PROBLEM TO WORK ON ▸ Please give back, exactly as written, the lines from the line with "Güneşin altında çalışmakta" to the line with "1304 - قَالَ" in the listing below, leaving out all pictures.

RECORDS FOR THE TASK ▸
===

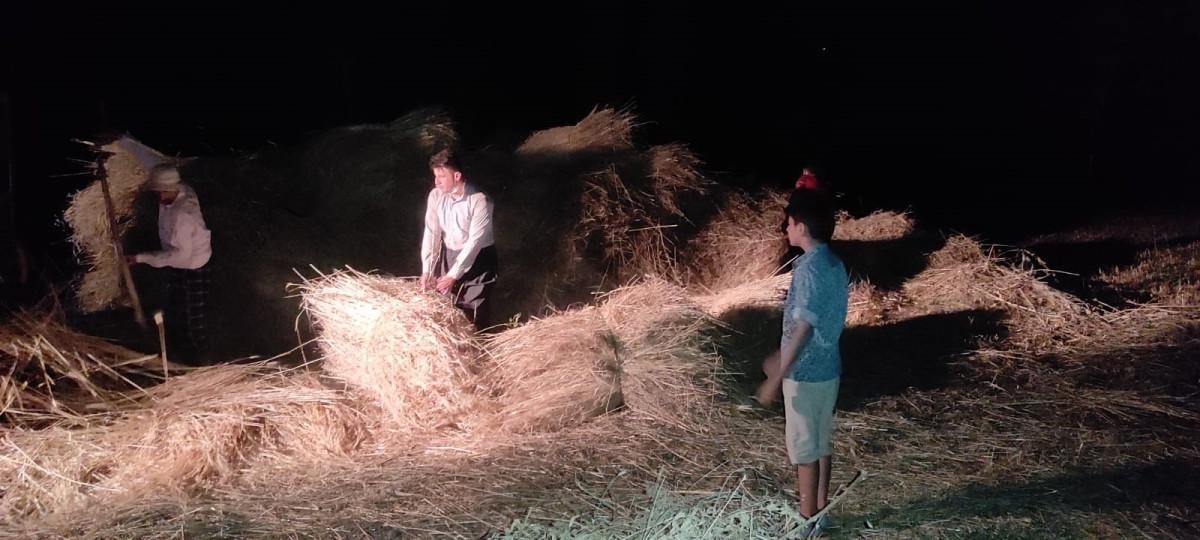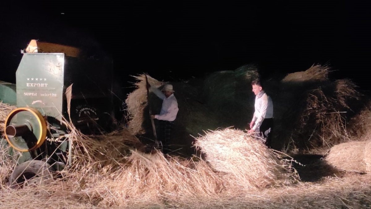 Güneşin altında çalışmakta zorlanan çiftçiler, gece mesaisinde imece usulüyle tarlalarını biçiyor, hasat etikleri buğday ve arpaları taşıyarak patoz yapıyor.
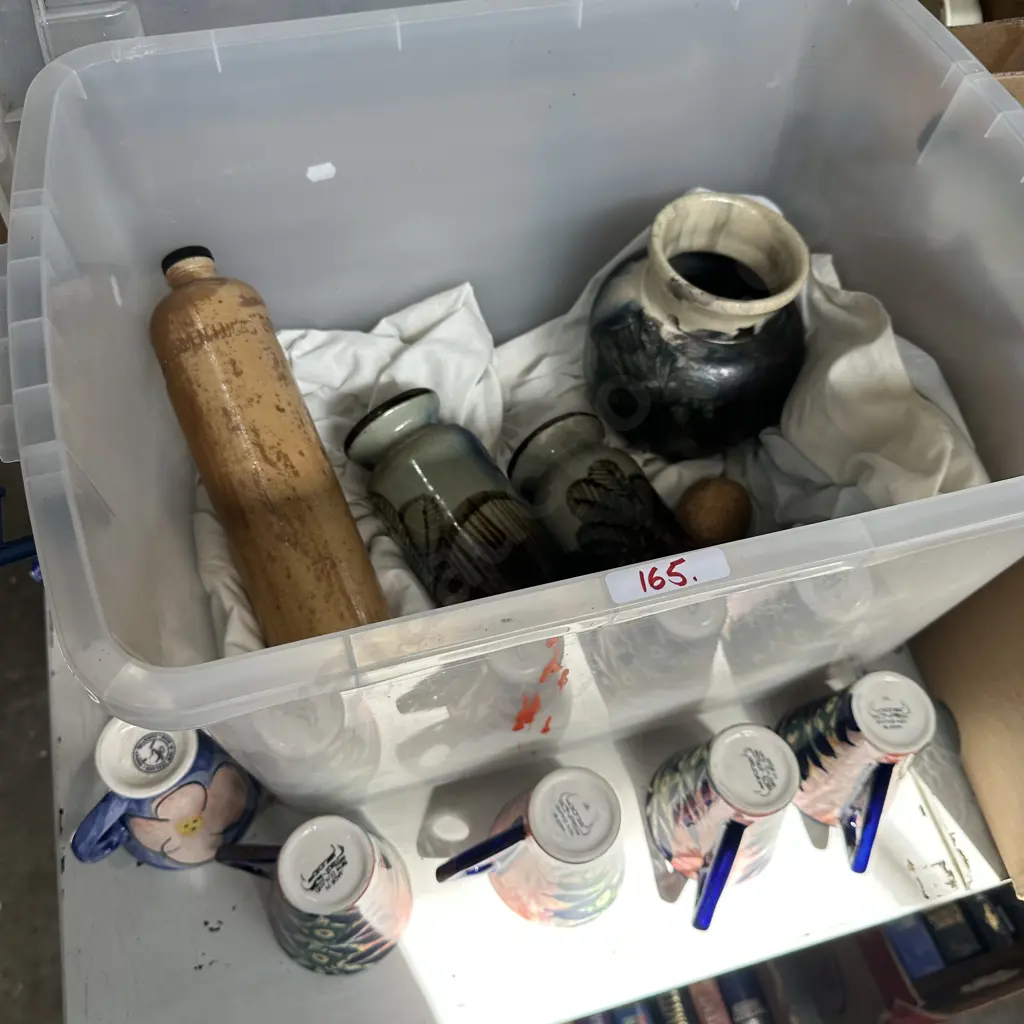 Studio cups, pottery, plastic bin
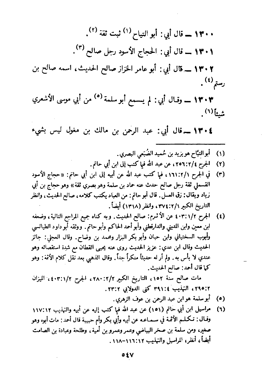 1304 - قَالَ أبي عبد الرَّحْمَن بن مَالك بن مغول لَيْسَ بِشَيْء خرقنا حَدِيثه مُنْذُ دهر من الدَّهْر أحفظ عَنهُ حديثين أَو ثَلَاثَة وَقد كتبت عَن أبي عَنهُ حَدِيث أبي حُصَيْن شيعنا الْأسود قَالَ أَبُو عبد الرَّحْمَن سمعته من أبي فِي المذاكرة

===

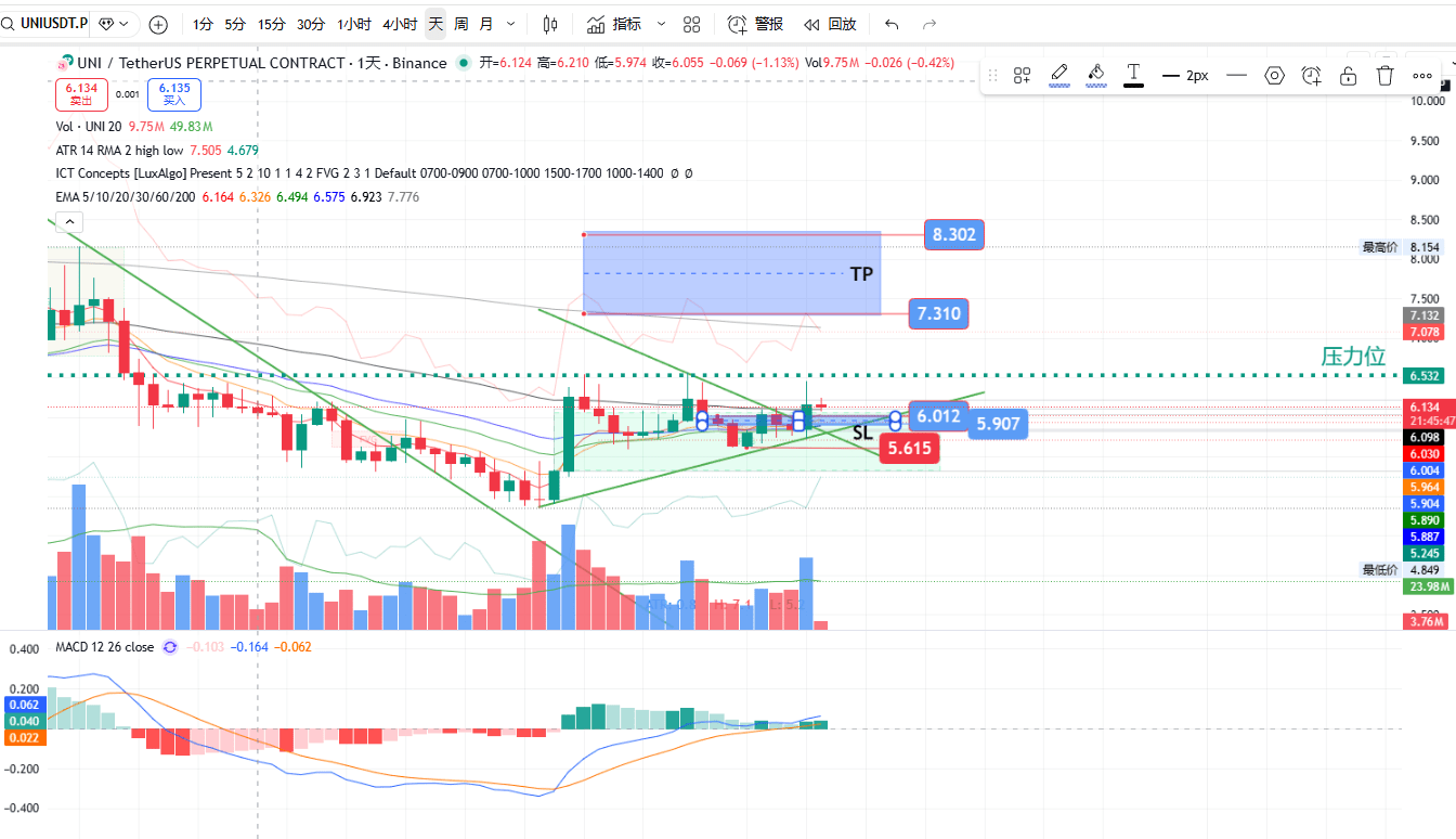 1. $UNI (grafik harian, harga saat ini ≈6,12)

===

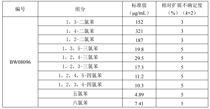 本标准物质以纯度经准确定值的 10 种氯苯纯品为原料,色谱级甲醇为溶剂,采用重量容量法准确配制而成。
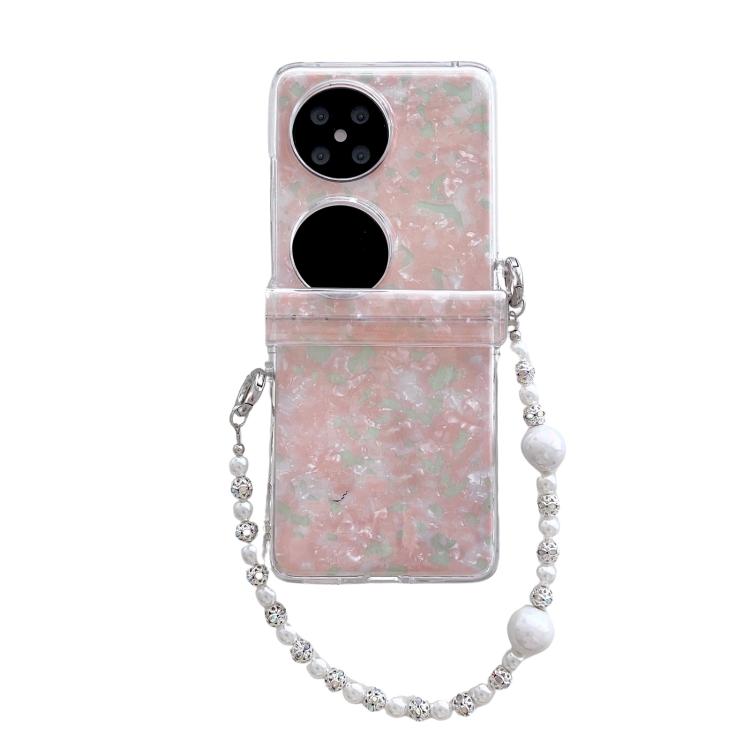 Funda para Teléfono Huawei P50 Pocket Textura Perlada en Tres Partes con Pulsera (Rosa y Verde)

===

PROBLEM SOLUTION ▸
 Güneşin altında çalışmakta zorlanan çiftçiler, gece mesaisinde imece usulüyle tarlalarını biçiyor, hasat etikleri buğday ve arpaları taşıyarak patoz yapıyor.
 Studio cups, pottery, plastic bin
 1304 - قَالَ أبي عبد الرَّحْمَن بن مَالك بن مغول لَيْسَ بِشَيْء خرقنا حَدِيثه مُنْذُ دهر من الدَّهْر أحفظ عَنهُ حديثين أَو ثَلَاثَة وَقد كتبت عَن أبي عَنهُ حَدِيث أبي حُصَيْن شيعنا الْأسود قَالَ أَبُو عبد الرَّحْمَن سمعته من أبي فِي المذاكرة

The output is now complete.